This task calls for the lines below starting at the one containing "반건조 구이 찜 메뉴 가격은 아래와 같습니다." and ending at the one containing "更新!士嘉堡STC购物中心美食广场旁枪击1人死亡", repeated exactly with both ends kept and pictures left out.

▶ _Exercise data_:

● ● ● ●

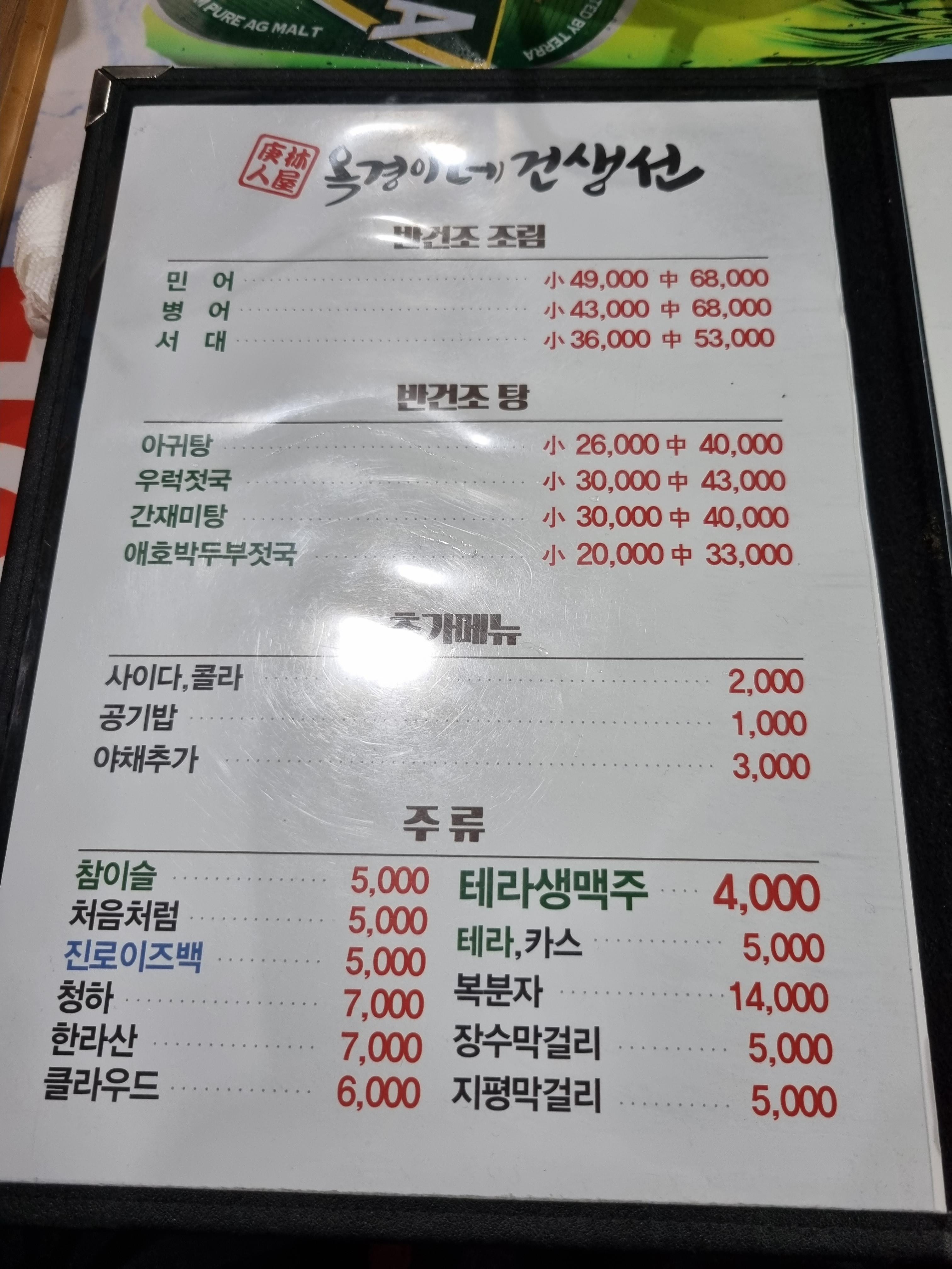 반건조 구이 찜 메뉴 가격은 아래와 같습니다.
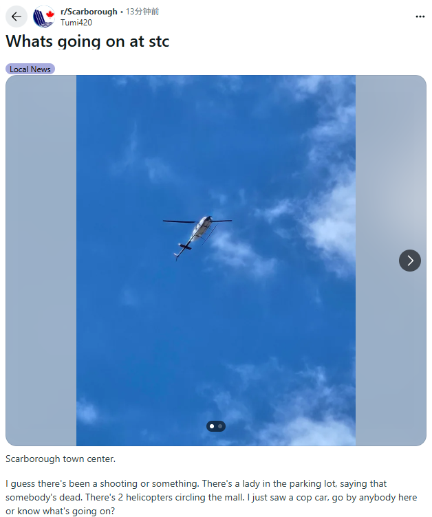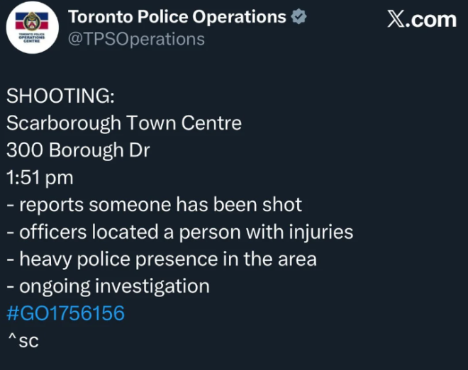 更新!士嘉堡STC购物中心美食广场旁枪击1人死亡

● ● ● ●

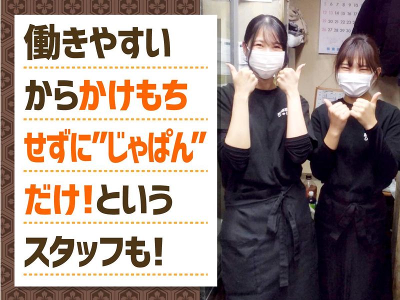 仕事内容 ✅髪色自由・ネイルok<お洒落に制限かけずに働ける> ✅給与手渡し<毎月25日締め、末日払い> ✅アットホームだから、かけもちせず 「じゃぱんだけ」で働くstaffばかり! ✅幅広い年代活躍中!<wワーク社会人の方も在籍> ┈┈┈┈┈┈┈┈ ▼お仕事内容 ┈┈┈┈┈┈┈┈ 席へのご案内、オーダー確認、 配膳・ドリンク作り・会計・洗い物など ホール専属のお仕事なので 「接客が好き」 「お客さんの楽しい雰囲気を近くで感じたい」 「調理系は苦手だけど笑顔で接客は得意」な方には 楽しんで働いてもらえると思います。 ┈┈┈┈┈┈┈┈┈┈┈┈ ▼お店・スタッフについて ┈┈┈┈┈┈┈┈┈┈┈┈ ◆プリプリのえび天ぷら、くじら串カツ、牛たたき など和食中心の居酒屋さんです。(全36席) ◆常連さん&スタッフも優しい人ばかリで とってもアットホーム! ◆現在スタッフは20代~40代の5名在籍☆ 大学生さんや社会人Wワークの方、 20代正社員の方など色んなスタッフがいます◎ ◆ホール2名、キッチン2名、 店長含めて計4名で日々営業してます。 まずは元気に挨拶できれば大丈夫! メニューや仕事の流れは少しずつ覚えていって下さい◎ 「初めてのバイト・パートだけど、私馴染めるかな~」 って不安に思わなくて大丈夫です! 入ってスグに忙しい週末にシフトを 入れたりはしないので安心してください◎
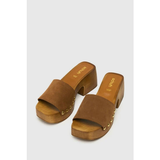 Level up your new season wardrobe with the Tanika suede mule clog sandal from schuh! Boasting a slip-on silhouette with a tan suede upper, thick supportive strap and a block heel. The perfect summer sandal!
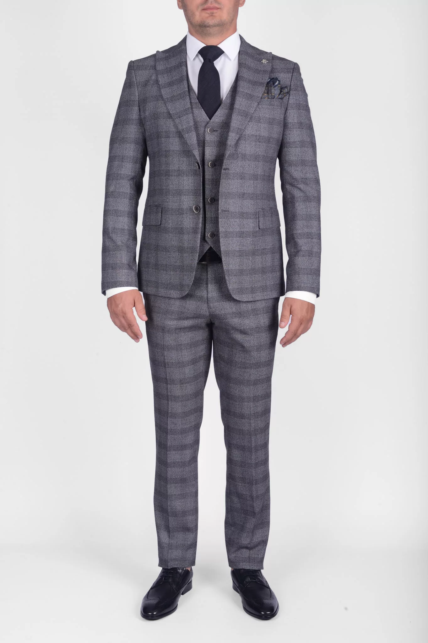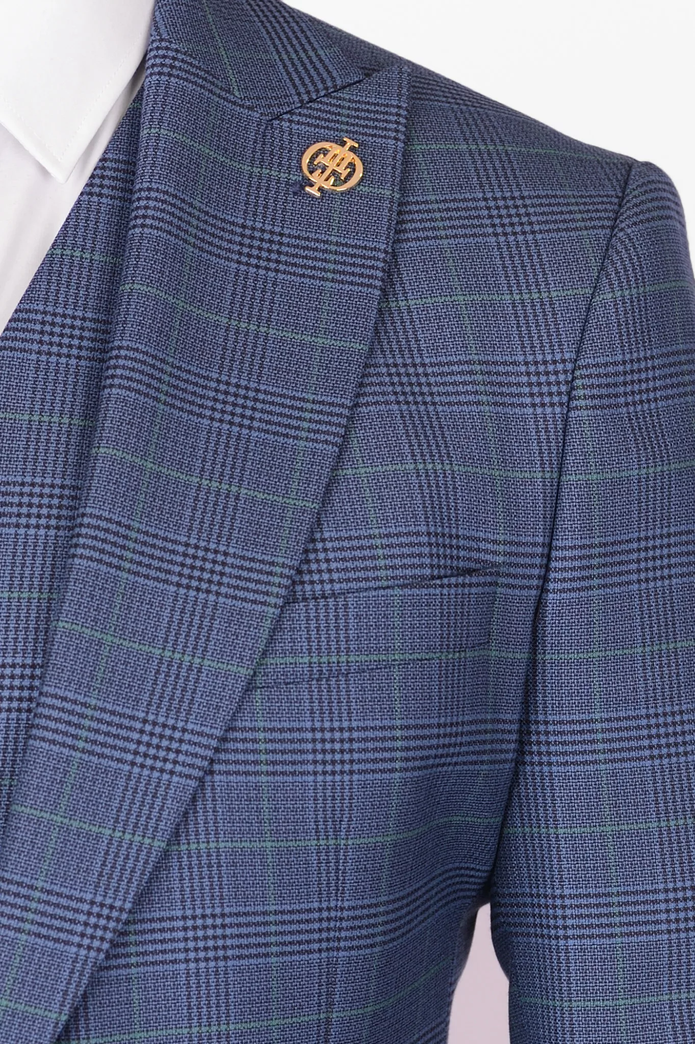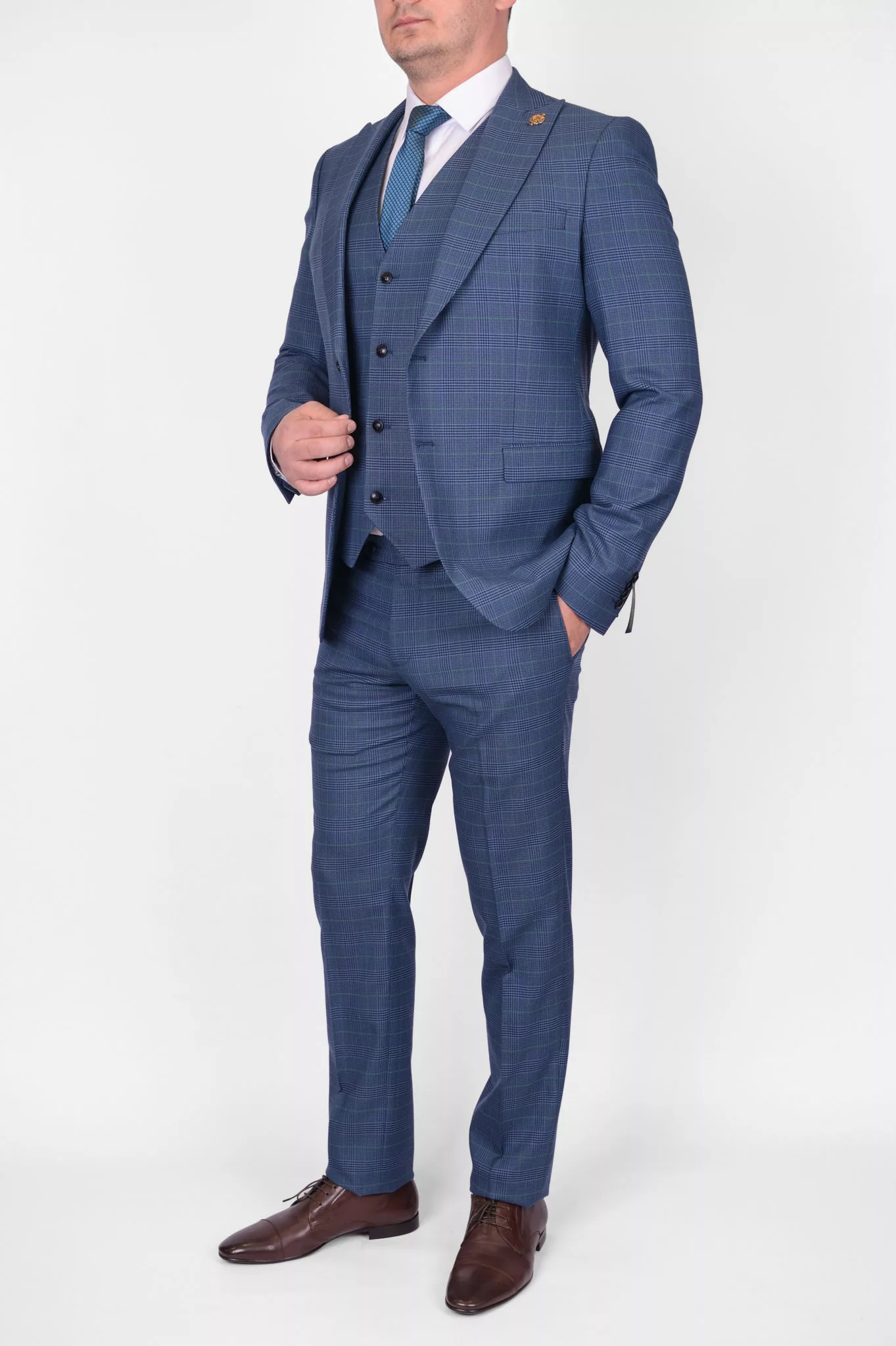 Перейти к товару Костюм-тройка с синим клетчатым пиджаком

● ● ● ●

▶ _Answer for this exercise_:
 반건조 구이 찜 메뉴 가격은 아래와 같습니다.
 更新!士嘉堡STC购物中心美食广场旁枪击1人死亡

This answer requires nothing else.